Reduced spectral densities for EPAC_1h-(149–318) in its apo (orange) (14), cAMP-bound (black) (14), and cGMP-bound (green) states are plotted against residue numbers. The spectral density values, J(0) (a), J(ω_N) (b), and J(ω_H +ω_N) were computed based on the relaxation rates reported in Fig. 8. a, J(0) value includes contributions from chemical exchange effects.
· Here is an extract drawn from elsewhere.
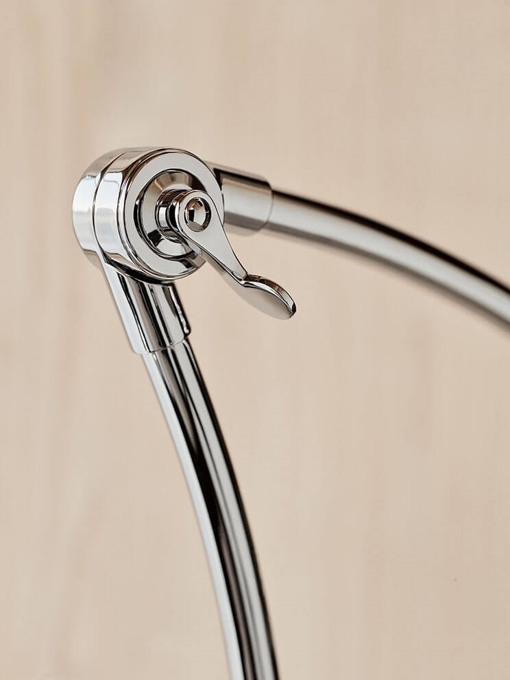 KAISER idell 6559-W ist in drei verschiedenen Farbkombinationen erhältlich – weiß mit verstellbarem Lampenarm in Chrom, schwarz mit Lampenarm in Chrom und matt schwarz mit Lampenarm in Messing.

Secondary structure elements are as described in Fig. 4. The J(ω_N) (b) and J(ω_H +ω_N) (c) values were computed using the frequencies ω_N = −γ_N B_o and ω_H = −γ_H B_o with B_o = 16.44 tesla at 700 MHz. The red lines in all three panels indicate the reduced spectral densities computed based on the hydrodynamic bead models, as shown in Fig. 8 (14). In all the panels the residues showing enhanced or reduced dynamics upon cGMP binding relative to the cAMP-bound state are highlighted in red and blue, respectively.

FIGURE 10.

Changes in picosecond to nanosecond (a and b) and millisecond to microsecond (c and d) dynamics for cGMP-bound EPAC_1h-(149–318) relative to the cAMP-bound state are mapped onto the holo-EPAC2_m structure (PDB 3CF6) (11). b and d were obtained from a and c, respectively, through a 180° rotation. The residues experiencing quenching or enhancement in dynamics upon replacement of cAMP with cGMP are colored according to the color coding of Fig. 8. The amino acid residues are labeled according to the sequence of EPAC1_h. The residues reported within parentheses correspond to EPAC2_m, and they are not conserved between EPAC1_h and EPAC2_m. e shows the putative interactions between Gln-270 in the PBC, the 308, 310 residues, and the N-terminal helical-bundle (i.e. α3).